• WORK ITEM:
What you return must match the records word for word, except that images are dropped.

• DATA FOR REVIEW:
========================================================================

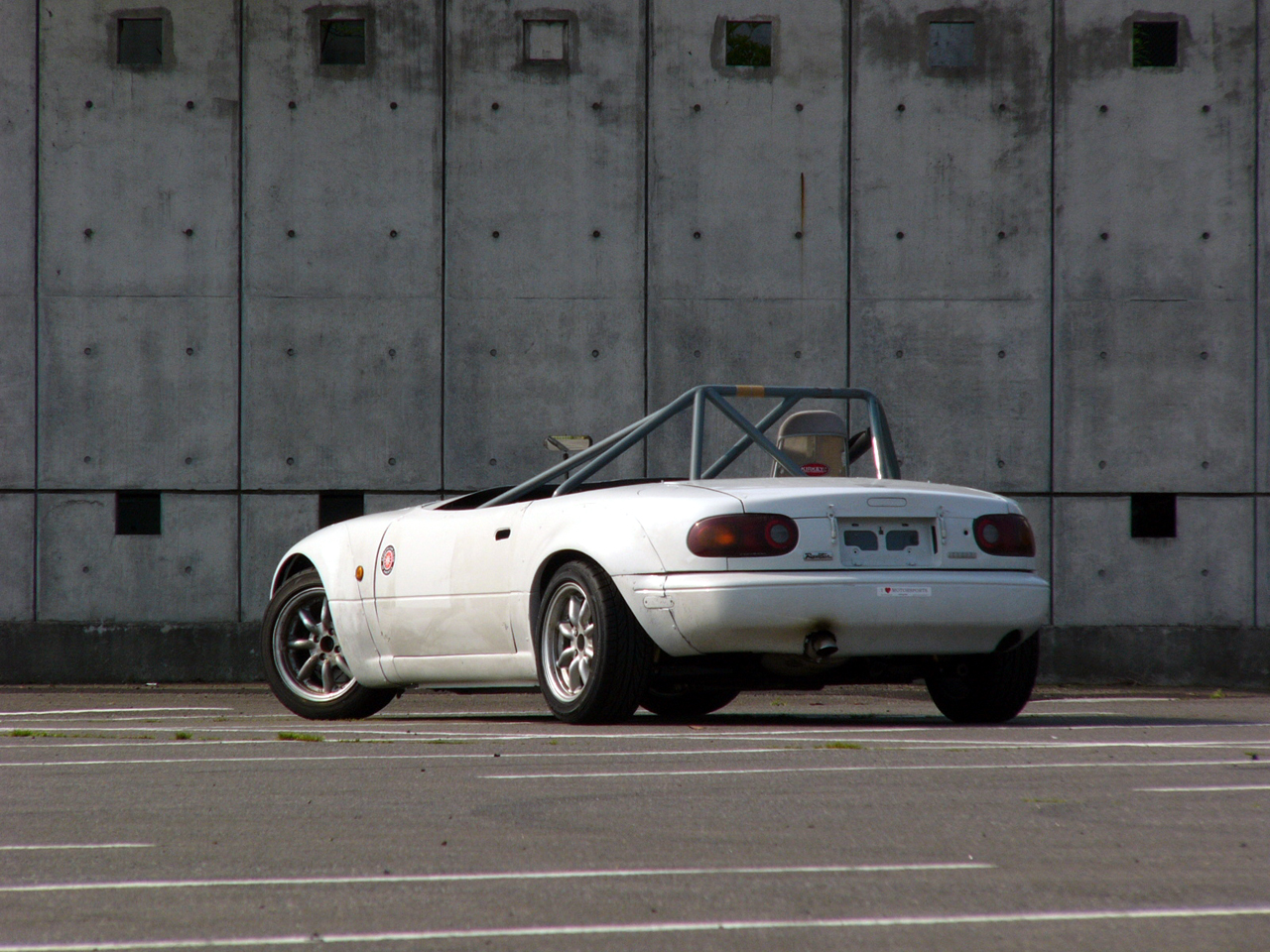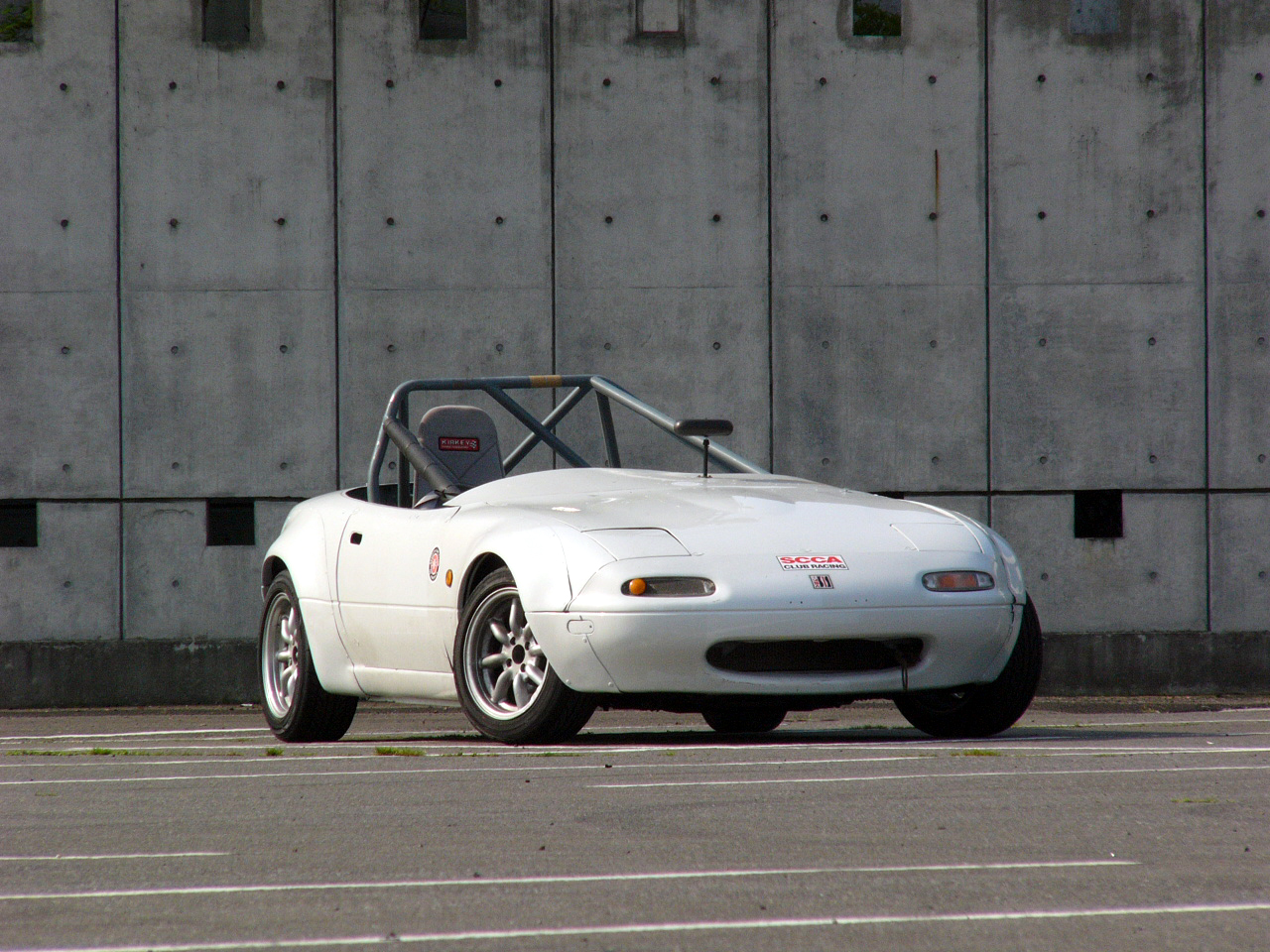 A110とは何の脈絡もないけれど、下の写真は軽さという共通項があるので引っ張り出したNA6ロードスターのレース仕様。ユイレーシングスクールの卒業生(スクールを受講した人の意)とレースに出場しようと作りあげた。テーマはとにかく軽く、風の当たるマシン。一応、アメリカのSCCAの車両規則でEプロダクションに合致しているから、SCCAカリフォルニアリージョンに持っていけばレースに参加できる。
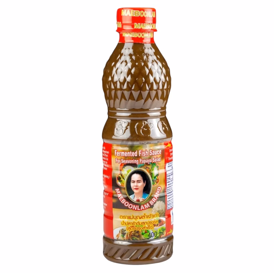 Ingredienser: Fermenterad fisksås ( fisk, malet rostat ris, vatten, salt) 93%, socker 5%, inlagd vitlöksjuice ( vatten, vitlök, salt, surhetsreglerande medel: E260), smakförstärkare : E621, färg: E150c, stabiliseringsmedel: E415.
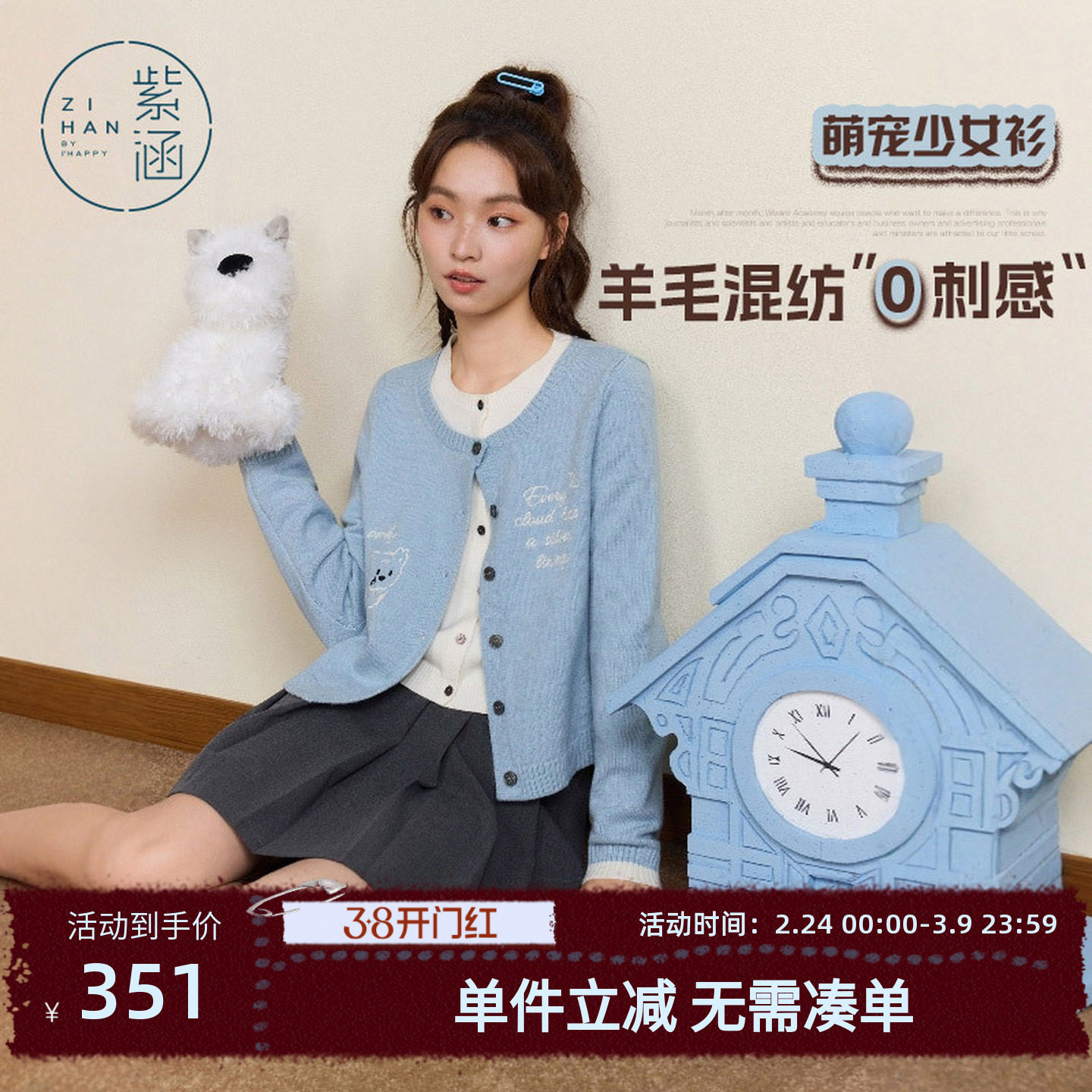 紫涵圆领假两件蓝色毛衣开衫女秋季新款刺绣设计感宽松针织衫上衣
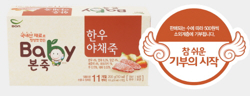 베이비본죽 제품 중 생후 11~13개월 아이를 위한 완료기에 해당하는 '한우야채죽'을 구매하면 제품 한 개 당 500원의 수익금이 기부된다. 이렇게 모아진 수익금은 영양불균형과 영양실조로 고통 받고 있는 전 세계 어린이들을 돕는데 사용될 예정이다.
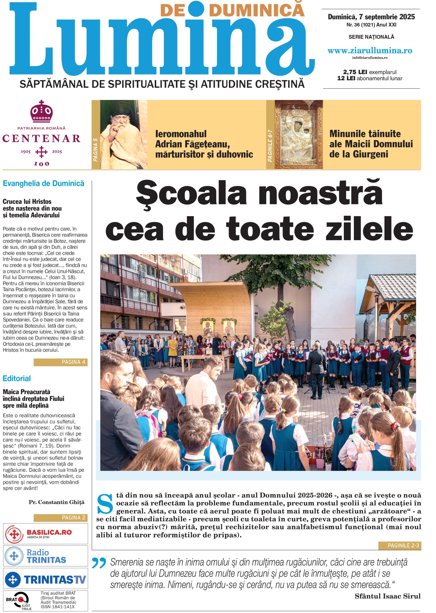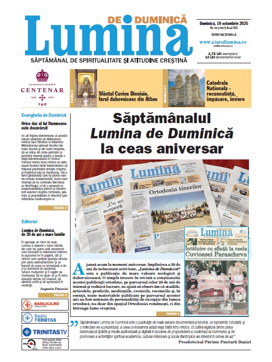 Ziarul Lumina utilizează fişiere de tip cookie pentru a personaliza și îmbunătăți experiența ta pe Website-ul nostru. Te informăm că ne-am actualizat politicile pentru a integra în acestea și în activitatea curentă a Ziarului Lumina cele mai recente modificări propuse de Regulamentul (UE) 2016/679 privind protecția persoanelor fizice în ceea ce privește prelucrarea datelor cu caracter personal și privind libera circulație a acestor date. Înainte de a continua navigarea pe Website-ul nostru te rugăm să aloci timpul necesar pentru a citi și înțelege conținutul Politicii de Cookie. Prin continuarea navigării pe Website-ul nostru confirmi acceptarea utilizării fişierelor de tip cookie conform Politicii de Cookie. Nu uita totuși că poți modifica în orice moment setările acestor fişiere cookie urmând instrucțiunile din Politica de Cookie.
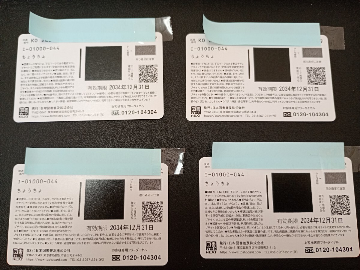 【未使用品】図書カードNEXT 4枚 額面4,000円 PIN削りなし です。
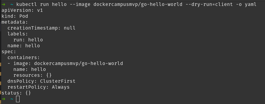kubectl run hello --image dockercampusmvp/go-hello-world --dry-run=client -o yaml > pod.yaml
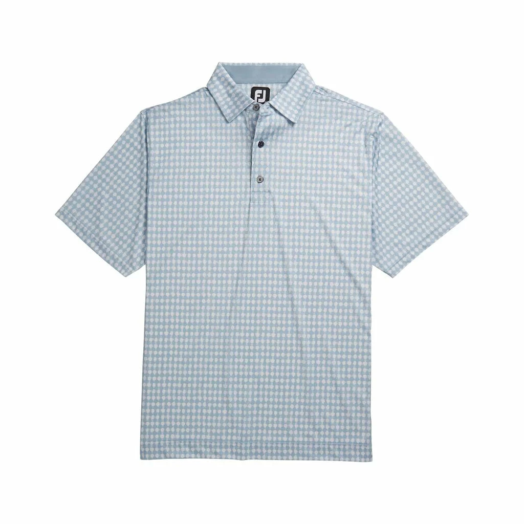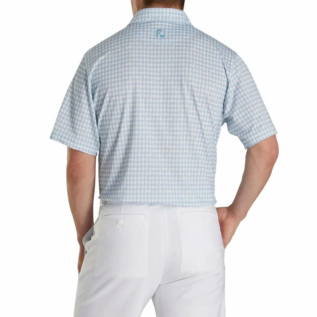 This FootJoy Lisle Gingham Fray Print Self Collar Men’s Polo is the perfect golf shirt for all golf outings. With double stitched seams for complete durability and locked stitched hem to reinforce giving it that tailored look. This shirt also has an extended back for easy tuck in.
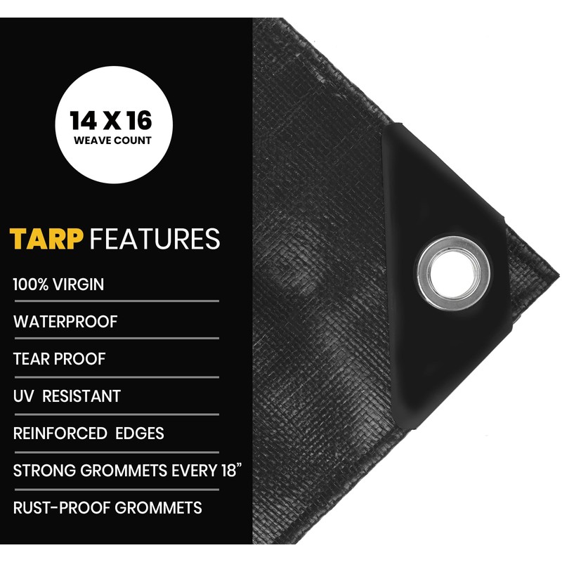- STRONG GROMMETS & REINFORCED EDGES: The protective tarp has a 14 x 16 weave count, reinforced edges and metal grommets every 18 inches. The tear-resistant material is super durable while the metal grommets allow you to tie down the tarpaulin cover easily, using bungee cords or a strong rope.
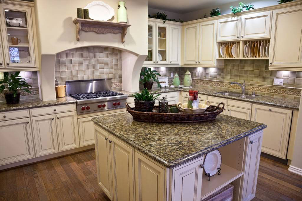 San Cecilia Granite is a popular choice for traditional kitchens. Its gold base with brown and burgundy flecks pairs beautifully with wood cabinetry.
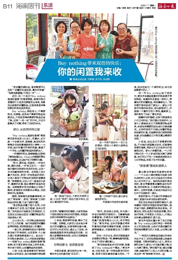 近日,在一个名为“Buy nothing蓝庭松鼠窝”的微信群里,海南日报记者看到不少成员在群里发出消息,免费送出家里的闲置物品,这些消息很快得到群内的其他成员响应。
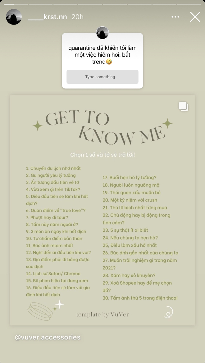 Nếu bạn đang ở nhà rất nhiều và là một người chơi hệ MXH đích thực thì không khó để bạn nhận ra những ngày này, bộ câu hỏi Get to know me (tạm dịch: Làm quen với tôi) đã "xâm chiếm" story của tất cả chúng ta. Khắp nơi nơi, bạn đều thấy dân tình trả lời các thắc mắc về bản thân theo list câu hỏi có sẵn kiểu thói quen xấu, gu người yêu, quan điểm về "true love"...
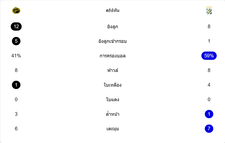 เกมนี้เอล์ฟส์บอร์กยิง 12 ครั้ง เข้ากรอบ 5 ครั้ง ขณะที่โกเตบอร์กยิง 8 ครั้ง ตรงกรอบแค่ 1 หน แม้ทีมเยือนจะครองบอลมากกว่าที่ 59 เปอร์เซ็นต์ แต่ความอันตรายในพื้นที่สุดท้ายยังเป็นรองเจ้าถิ่นชัดเจน ทั้งสองทีมฟาวล์เท่ากัน 8 ครั้ง ทว่าโกเตบอร์กโดนใบเหลืองถึง 4 ใบ ส่วนเอล์ฟส์บอร์กโดน 1 ใบ ด้านเตะมุมทีมเยือนได้ 7 ครั้ง ส่วนเจ้าบ้านได้ 6 ครั้ง แต่ฝั่งที่ใช้โอกาสคุ้มกว่าคือเอล์ฟส์บอร์กแบบไม่ต้องเถียง

========================================================================

• ANSWER SPACE:
 A110とは何の脈絡もないけれど、下の写真は軽さという共通項があるので引っ張り出したNA6ロードスターのレース仕様。ユイレーシングスクールの卒業生(スクールを受講した人の意)とレースに出場しようと作りあげた。テーマはとにかく軽く、風の当たるマシン。一応、アメリカのSCCAの車両規則でEプロダクションに合致しているから、SCCAカリフォルニアリージョンに持っていけばレースに参加できる。
 Ingredienser: Fermenterad fisksås ( fisk, malet rostat ris, vatten, salt) 93%, socker 5%, inlagd vitlöksjuice ( vatten, vitlök, salt, surhetsreglerande medel: E260), smakförstärkare : E621, färg: E150c, stabiliseringsmedel: E415.
 紫涵圆领假两件蓝色毛衣开衫女秋季新款刺绣设计感宽松针织衫上衣
 베이비본죽 제품 중 생후 11~13개월 아이를 위한 완료기에 해당하는 '한우야채죽'을 구매하면 제품 한 개 당 500원의 수익금이 기부된다. 이렇게 모아진 수익금은 영양불균형과 영양실조로 고통 받고 있는 전 세계 어린이들을 돕는데 사용될 예정이다.
 Ziarul Lumina utilizează fişiere de tip cookie pentru a personaliza și îmbunătăți experiența ta pe Website-ul nostru. Te informăm că ne-am actualizat politicile pentru a integra în acestea și în activitatea curentă a Ziarului Lumina cele mai recente modificări propuse de Regulamentul (UE) 2016/679 privind protecția persoanelor fizice în ceea ce privește prelucrarea datelor cu caracter personal și privind libera circulație a acestor date. Înainte de a continua navigarea pe Website-ul nostru te rugăm să aloci timpul necesar pentru a citi și înțelege conținutul Politicii de Cookie. Prin continuarea navigării pe Website-ul nostru confirmi acceptarea utilizării fişierelor de tip cookie conform Politicii de Cookie. Nu uita totuși că poți modifica în orice moment setările acestor fişiere cookie urmând instrucțiunile din Politica de Cookie.
 【未使用品】図書カードNEXT 4枚 額面4,000円 PIN削りなし です。
kubectl run hello --image dockercampusmvp/go-hello-world --dry-run=client -o yaml > pod.yaml
 This FootJoy Lisle Gingham Fray Print Self Collar Men’s Polo is the perfect golf shirt for all golf outings. With double stitched seams for complete durability and locked stitched hem to reinforce giving it that tailored look. This shirt also has an extended back for easy tuck in.
- STRONG GROMMETS & REINFORCED EDGES: The protective tarp has a 14 x 16 weave count, reinforced edges and metal grommets every 18 inches. The tear-resistant material is super durable while the metal grommets allow you to tie down the tarpaulin cover easily, using bungee cords or a strong rope.
 San Cecilia Granite is a popular choice for traditional kitchens. Its gold base with brown and burgundy flecks pairs beautifully with wood cabinetry.
 近日,在一个名为“Buy nothing蓝庭松鼠窝”的微信群里,海南日报记者看到不少成员在群里发出消息,免费送出家里的闲置物品,这些消息很快得到群内的其他成员响应。
 Nếu bạn đang ở nhà rất nhiều và là một người chơi hệ MXH đích thực thì không khó để bạn nhận ra những ngày này, bộ câu hỏi Get to know me (tạm dịch: Làm quen với tôi) đã "xâm chiếm" story của tất cả chúng ta. Khắp nơi nơi, bạn đều thấy dân tình trả lời các thắc mắc về bản thân theo list câu hỏi có sẵn kiểu thói quen xấu, gu người yêu, quan điểm về "true love"...
 เกมนี้เอล์ฟส์บอร์กยิง 12 ครั้ง เข้ากรอบ 5 ครั้ง ขณะที่โกเตบอร์กยิง 8 ครั้ง ตรงกรอบแค่ 1 หน แม้ทีมเยือนจะครองบอลมากกว่าที่ 59 เปอร์เซ็นต์ แต่ความอันตรายในพื้นที่สุดท้ายยังเป็นรองเจ้าถิ่นชัดเจน ทั้งสองทีมฟาวล์เท่ากัน 8 ครั้ง ทว่าโกเตบอร์กโดนใบเหลืองถึง 4 ใบ ส่วนเอล์ฟส์บอร์กโดน 1 ใบ ด้านเตะมุมทีมเยือนได้ 7 ครั้ง ส่วนเจ้าบ้านได้ 6 ครั้ง แต่ฝั่งที่ใช้โอกาสคุ้มกว่าคือเอล์ฟส์บอร์กแบบไม่ต้องเถียง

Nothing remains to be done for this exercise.